(Dataset records)
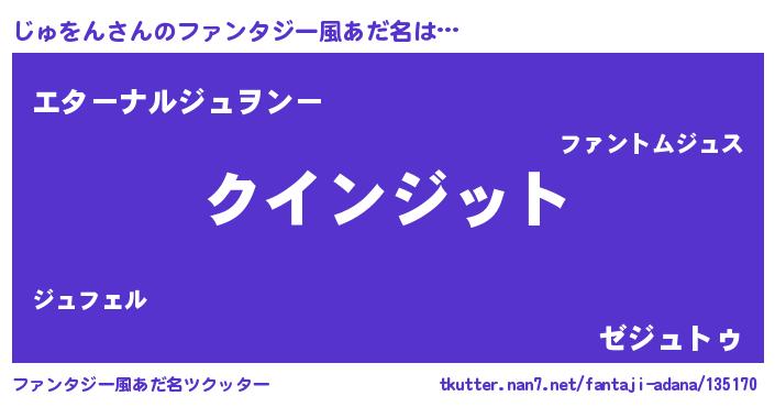 | ヒーロー風カッコイイあだ名 | 『慈愛の使者じゅをん』『銀牙騎士ジュ』 |
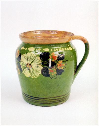 Origin: Békéscsaba Technique: Green-glazed ceramic pot with brown, white yellow flowers. Size: H: 17 cm Bottom: 15 cm
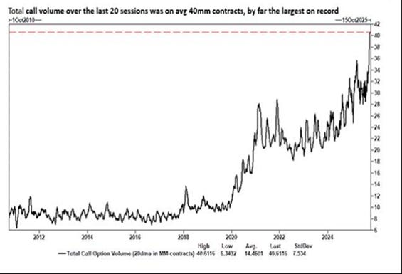 Despite rising equities, the VIX (volatility index) also climbed—an unusual pairing that occurs only ~10% of the time. This signals heavy tail-risk hedging and aggressive call buying.
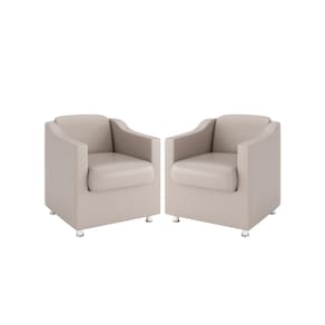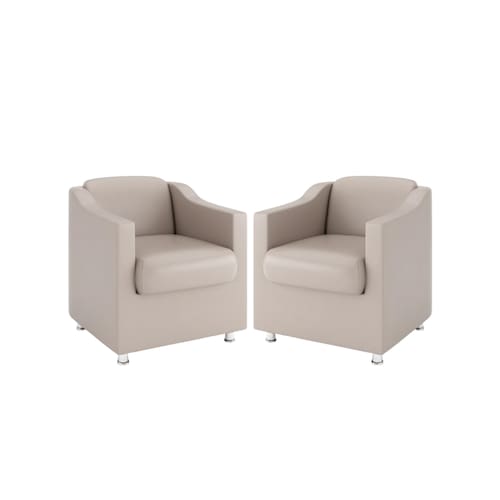 Kit 2 Poltronas Bia Decorativa Reforçada Recepção Clinica Salão Sala De Estar Courino - Bege
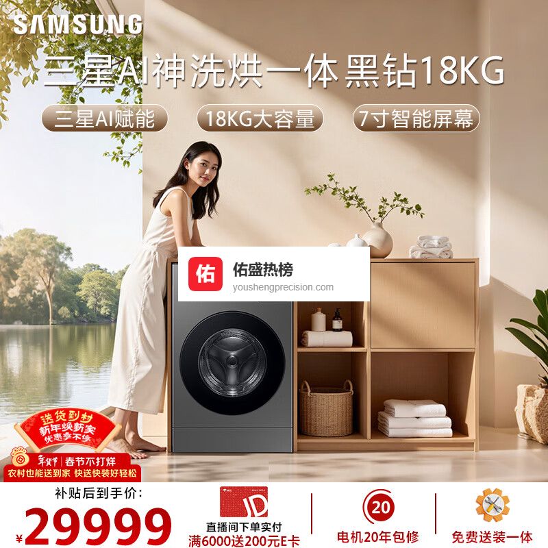 第九款:三星AI神黑钻18KG洗烘一体机
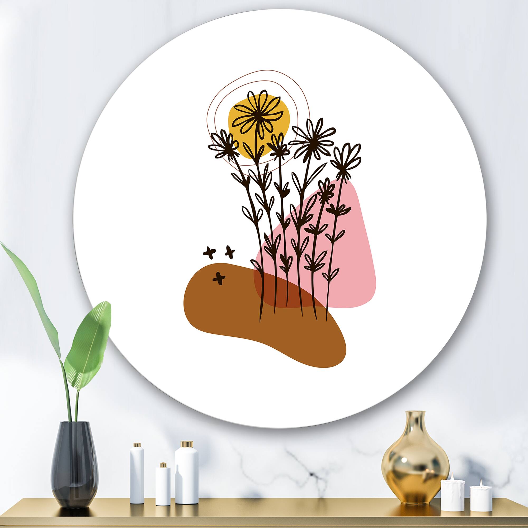 Designart - Elementary Shapes With Abstract Flowers Plants I - Modern Metal Circle Wall Art

:: ACTION ITEM ::
What you return must match the records line for line, with the pictures left out.

:: TASK ANSWER ::
 | ヒーロー風カッコイイあだ名 | 『慈愛の使者じゅをん』『銀牙騎士ジュ』 |
 Origin: Békéscsaba Technique: Green-glazed ceramic pot with brown, white yellow flowers. Size: H: 17 cm Bottom: 15 cm
 Despite rising equities, the VIX (volatility index) also climbed—an unusual pairing that occurs only ~10% of the time. This signals heavy tail-risk hedging and aggressive call buying.
 Kit 2 Poltronas Bia Decorativa Reforçada Recepção Clinica Salão Sala De Estar Courino - Bege
 第九款:三星AI神黑钻18KG洗烘一体机
 Designart - Elementary Shapes With Abstract Flowers Plants I - Modern Metal Circle Wall Art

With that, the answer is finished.